Bilie-By-Nze, Massassa, visite d’État en France : la Présidence déroule sa ligne
Interpellé le 17 juillet à Libreville sur les détentions d’Alain-Claude Bilie-By-Nze et de Vincent de Paul Massassa, le Porte-parole de la présidence de la République, Théophane Nzame-Nze Biyoghe, a opposé la séparation des pouvoirs aux interrogations des médias. Il a par ailleurs souligné le caractère stratégique de la prochaine visite d’État du président Brice Clotaire Oligui Nguema en France.

Le Conseiller spécial et porte-parole de la présidence de la République, Théophane Nzame-Nze Biyoghe, face aux journalistes, le 17 juillet 2026, à Libreville. © D.R.
Depuis la salle de presse de la Présidence de la République, Théophane Nzame-Nze Biyoghe a livré un exposé sur plusieurs dossiers qui dominent l’actualité gabonaise. Rappelant d’abord le bilan et les ambitions tracés par le chef de l’État lors du Congrès du Parlement, le 15 juin dernier, il a situé sa sortie médiatique dans la continuité d’une démarche de transparence destinée «à permettre à nos compatriotes de cerner les enjeux» des dernières semaines.
Le porte-parole a mis en avant la stratégie de redressement national, articulée autour de la restauration de la crédibilité internationale, de la transformation du modèle économique et de la montée en puissance du capital humain. Des thèmes qu’il a décrits comme indissociables d’une politique de long terme visant «un Gabon qui retrouve pleinement sa place dans le concert des nations».
«La justice a son tempo»
Répondant aux questions relatives aux procédures judiciaires visant Alain-Claude Bilie-By-Nze, président d’Ensemble pour le Gabon (EPG), et Vincent de Paul Massassa, ancien ministre du Pétrole et des Hydrocarbures, Théophane Nzame-Nze Biyoghe a écarté toute interférence du pouvoir exécutif dans le fonctionnement de la justice. Il a notamment affirmé que «le Gabon ne s’administre pas en fonction des intérêts ou des attentes d’un autre pays» et que «la justice a son rythme, elle a son tempo, et le tempo de la justice n’est pas le tempo de la politique, et encore moins le tempo des médias».
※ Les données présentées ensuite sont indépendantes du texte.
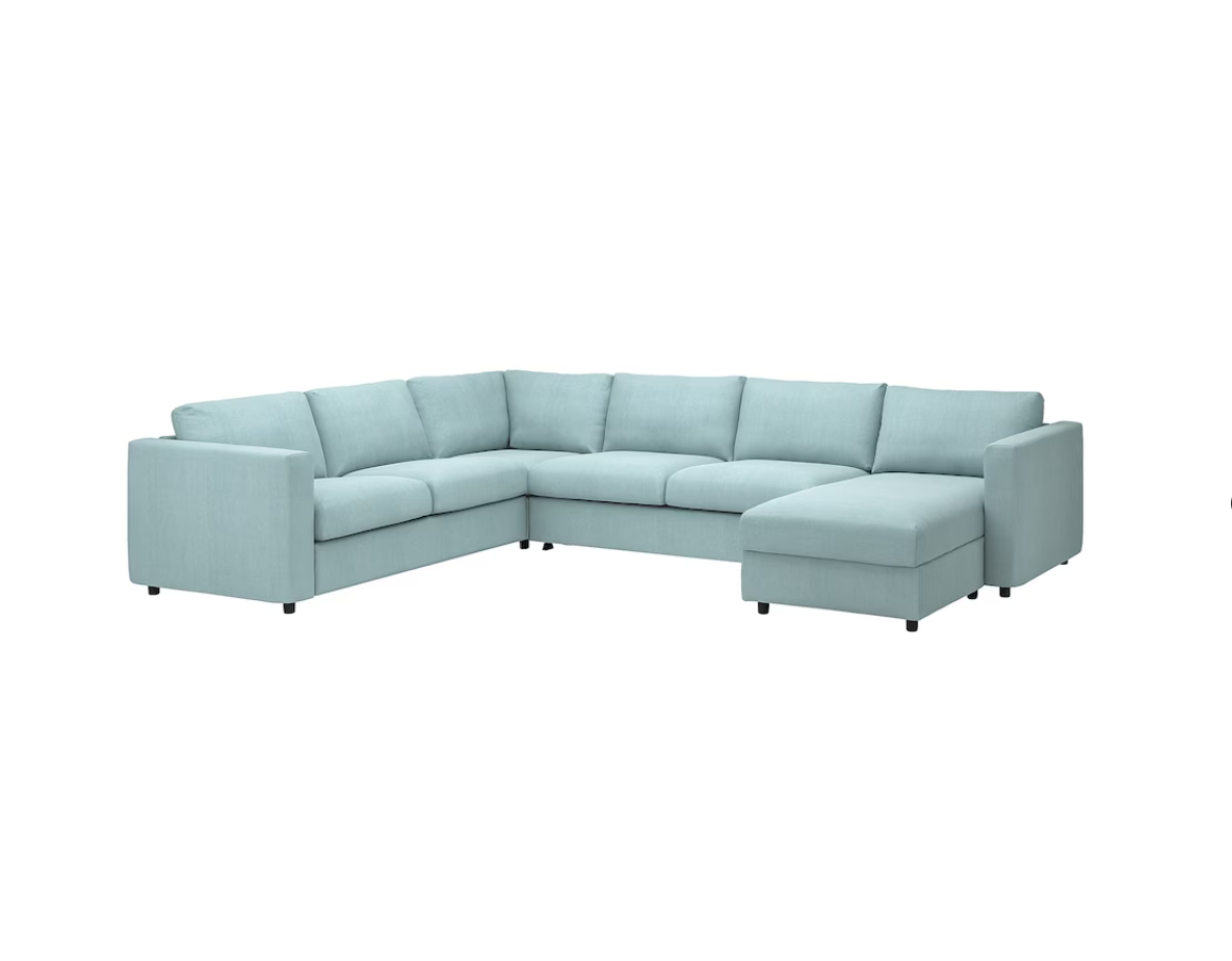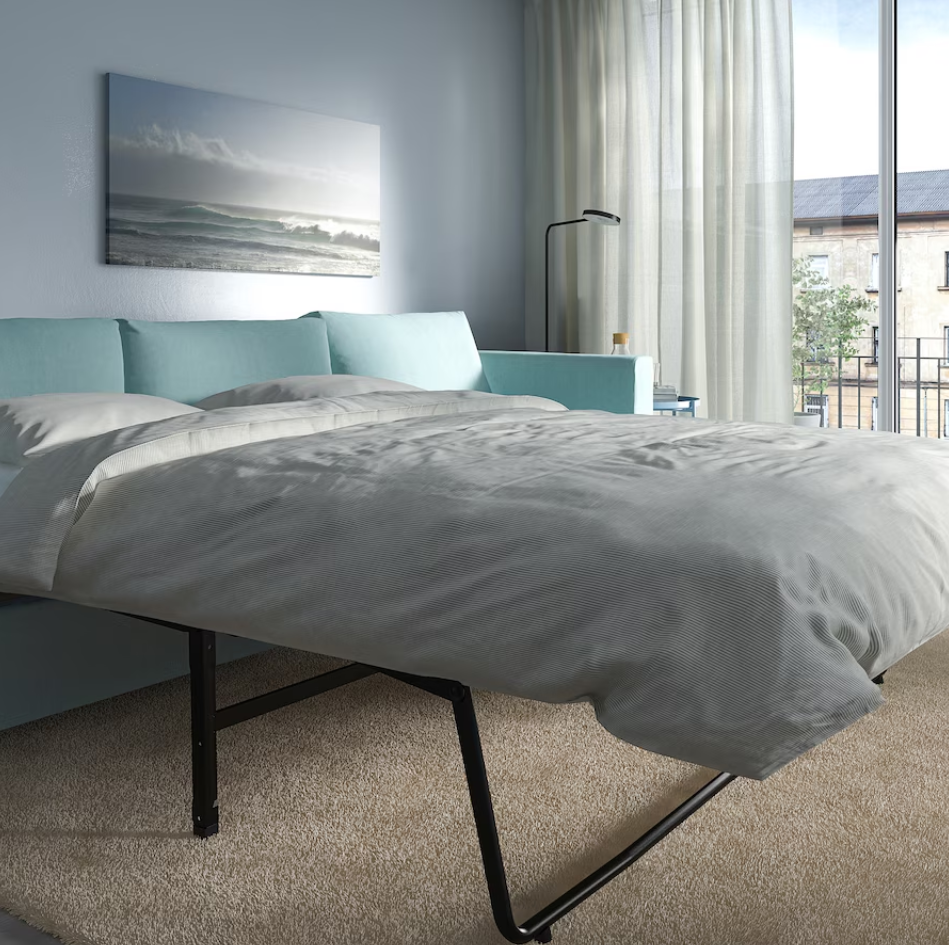 Corner sofa bed 5o with chaise, Saxemara light blue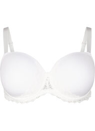 BH med bygel och formpressade kupor som ger en slät och rund siluett. BH:n har breda, justerbara axelband med U-formad rygg för att hålla banden på plats, samt höga sidopaneler för maximalt stöd. Den är tillverkad i en kombination av mikrofiber och mesh baktill och är dekorerad med vackra spetsdetaljer mellan och under kuporna.
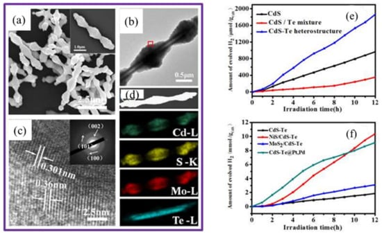 (a–d) MoS2/CdS-Te sample characterized with (a) SEM, (b) TEM, (c) HRTEM of the area marked with a square in (b) (the inset showing the corresponding SAED pattern), and (d) STEMEDS elemental mapping, showing the Cd (celadon), S (yellow), Mo (red), and Te (wathet). (e,f) Comparison of the photocatalytic activities of (e) CdS, CdS/Te mixture, and CdS-Te heterostructure, respectively; and (f) CdS-Te, NiS/CdS-Te, MoS2/CdS-Te and CdS-Te@Pt, Pd, respectively, in a lactic acid aqueous solution under visible light illumination. Reprinted with permission from []. Copyright 2015, American Chemical Society, Washington, DC, United States.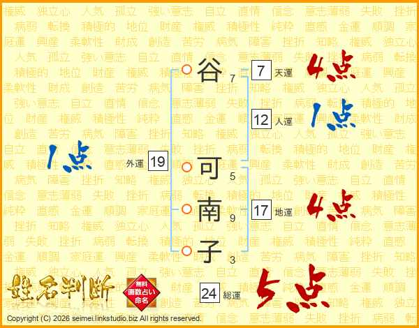 谷可南子さんの地運は17画の4点!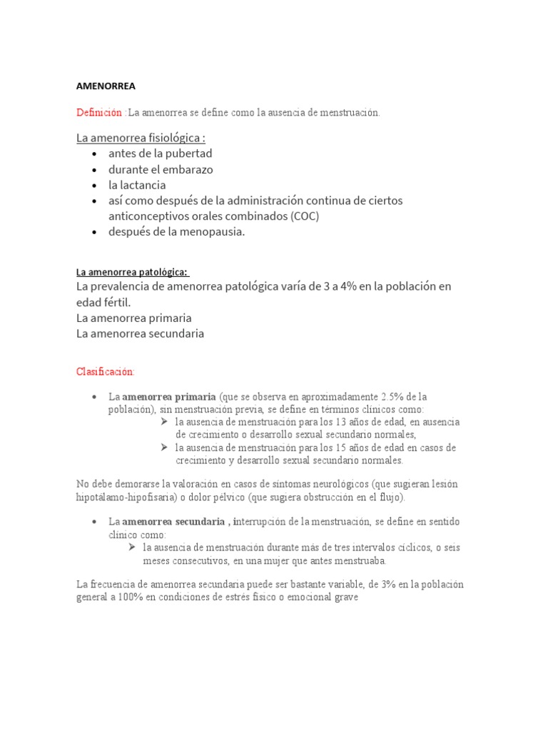 Definición :La amenorrea se define como la ausencia de menstruación.
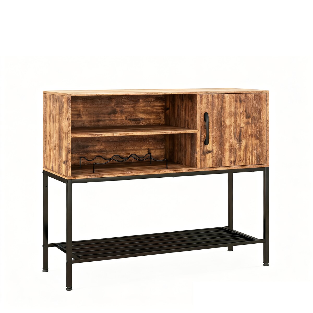COSTWAY Sideboard mit Weinregal & Metallregal, Küchenschrank aus Holz, Weinschrank, 35 x 100 x 83 cm, Konsolentisch

Concernant les deux personnalités, il s’en est tenu au constat de leur situation judiciaire, sans autre commentaire : «Nous ne faisons que constater la détention. Et nous n’avons pas de commentaire supplémentaire à faire sur cette question-là», a-t-il fait savoir.
Paris, manganèse et Camp de Gaulle
Le porte-parole a également rejeté l’idée selon laquelle ces dossiers devraient être réglés avant le déplacement du chef de l’État en France afin d’améliorer l’image du pays. Selon lui, les décisions judiciaires ne sauraient être dictées par un agenda diplomatique. Il a souligné que la visite d’État répond, avant tout, à des objectifs de coopération bilatérale.
Les présidents Brice Clotaire Oligui Nguema et Emmanuel Macron feront notamment le point sur les accords conclus lors de la visite du chef de l’État français à Libreville en novembre 2025. «Il est question pour les deux chefs d’État de faire un suivi au haut niveau de ces différents accords», a-t-il expliqué, évoquant également les avancées enregistrées sur la transformation locale du manganèse. Sur ce dossier, il a rappelé qu’«au 1er janvier 2029, le manganèse gabonais ne sortira plus du Gabon sans avoir été transformé localement, sans avoir créé des emplois localement», avant d’aborder le dossier du Camp de Gaulle, dont le transfert foncier à l’État gabonais est attendu avant sa nouvelle dénomination, ainsi que la coopération en matière de formation des forces.